La puerta de la mansión estaba abierta de par en par y el interior se hallaba completamente desierto. Los agentes subieron hasta el entresuelo llamando por todas partes y abriendo todas las puertas. Pero, al no descubrir nada en absoluto, volvieron al patio por el pórtico vacío.

—Vamos a la parte de atrás. Miraremos en el invernadero —planeó Shchukin—. Buscaremos allí y luego llamaremos por teléfono.

Los agentes se encaminaron hacia el patio posterior por entre los macizos de flores que había a los lados de un pavimentado pasillo, y, al llegar, vieron las brillantes ventanas del invernadero.

—Espera un momento —susurró Shchukin, sacando el revólver. Politis, expectante y tenso, quitó el seguro a su ametralladora.

Un extraño ruido llegó del invernadero y más concretamente de su parte trasera. Era como el silbido de una locomotora. Zau... zau... zau... s-ss..., silbaba.

—Vigila con cuidado —dijo Shchukin.

Y, esforzándose en andar sin hacer ruido, los agentes llegaron de puntillas hasta las ventanas y miraron al interior del jardín abierto.

Politis dio instantáneamente un salto hacia atrás y su cara adquirió un tinte palidísimo. Shchukin abrió la boca y se quedó atónito, con el revólver en la mano.

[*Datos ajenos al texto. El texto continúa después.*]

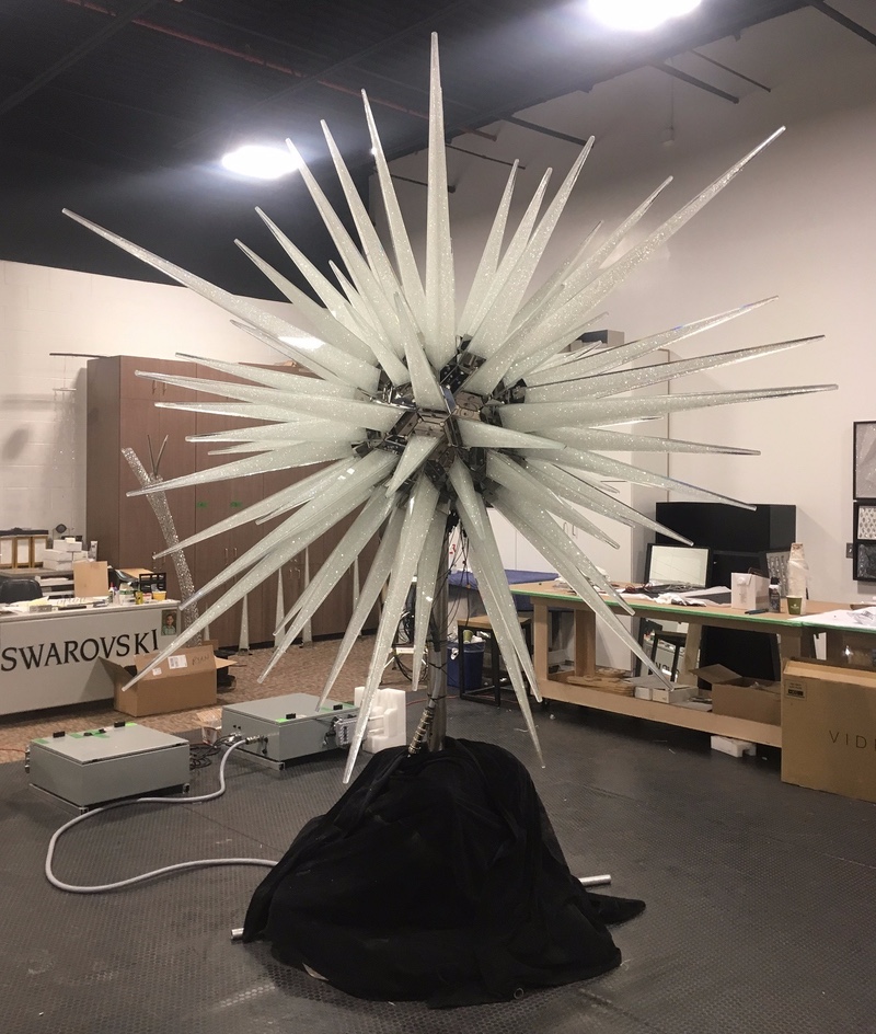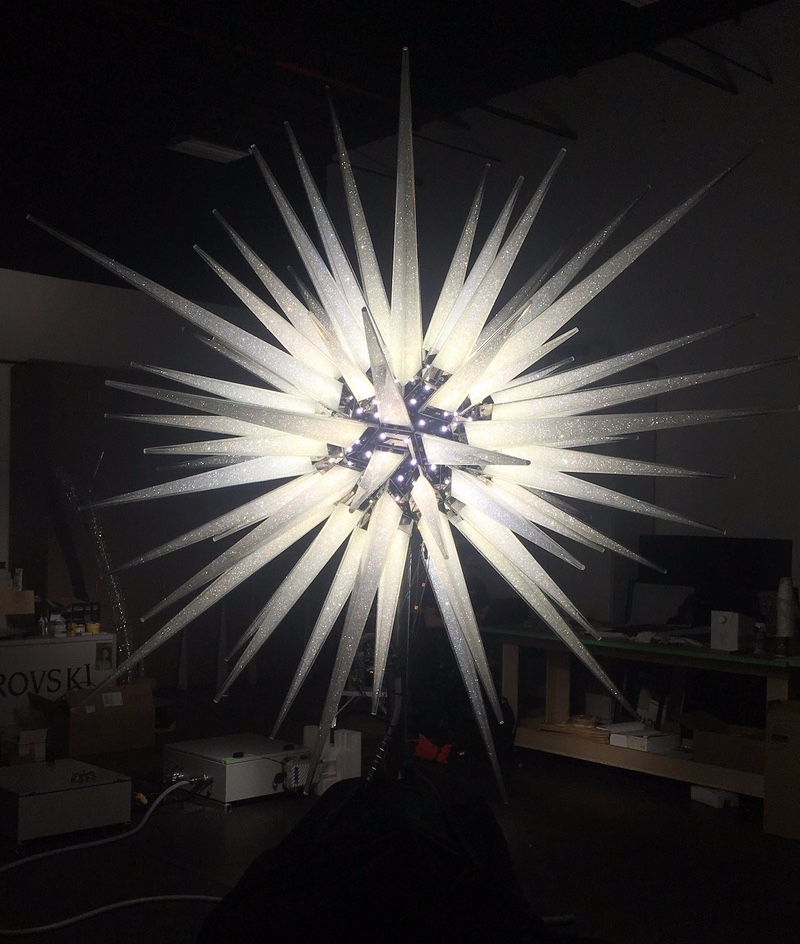After all of the LEDs were mounted and tested, the next step was to assemble each and every one of the 70 spikes of the star. This was also a tedious process, and those who installed them had to be super careful to not destroy any of the fragile Swarovski crystals. Just imagine the cost if one of the spikes were dropped or broken. But luckily they are professionals, and everything went smoothly.

Todo el invernadero bullía como un puñado de gusanos. Enrollándose y desenrollándose, silbando y estirándose, deslizándose y moviendo la cabezacomo si se tratara de un péndulo, enormes serpientes se arrastraban por el suelo del invernadero donde las cáscaras de huevos, rotas y esparcidas por el piso, crujían bajo su peso. En el techo había encendida una bombilla de gran potencia que bañaba el interior del local con extraño brillo. En el suelo yacían tres cajas negras parecidas a enormes cámaras fotográficas. Dos de ellas, que estaban inclinadas, eran oscuras; en la tercera resplandecía una pequeña pero fuerte luz escarlata.

Serpientes de todos los tamaños reptaban siguiendo la dirección de los cables eléctricos y se abrían paso a través de las aberturas del tejado. De la misma bombilla llegó a colgarse una serpiente negra de varios metros de longitud, con la cabeza oscilando como un péndulo de reloj frente a la misma luz. El silbido era acompañado por curiosos cascabeleos y chasquidos, y el invernadero difundía un apestoso y singular olor parecido al hedor del agua estancada. Los agentes también vieron montones de huevos dispuestos en los polvorientos rincones, un exótico pájaro gigante que yacía inmóvil junto a las cajas y el cadáver de un hombre con un rifle, próximo a la puerta.

—¡Atrás! —gritó Shchukin, y empezó a retroceder tirando de Politis con la mano izquierda y levantando el revólver con la derecha. Alcanzó a disparar nueve veces con el arma, que silbaba y lanzaba relámpagos verdosos.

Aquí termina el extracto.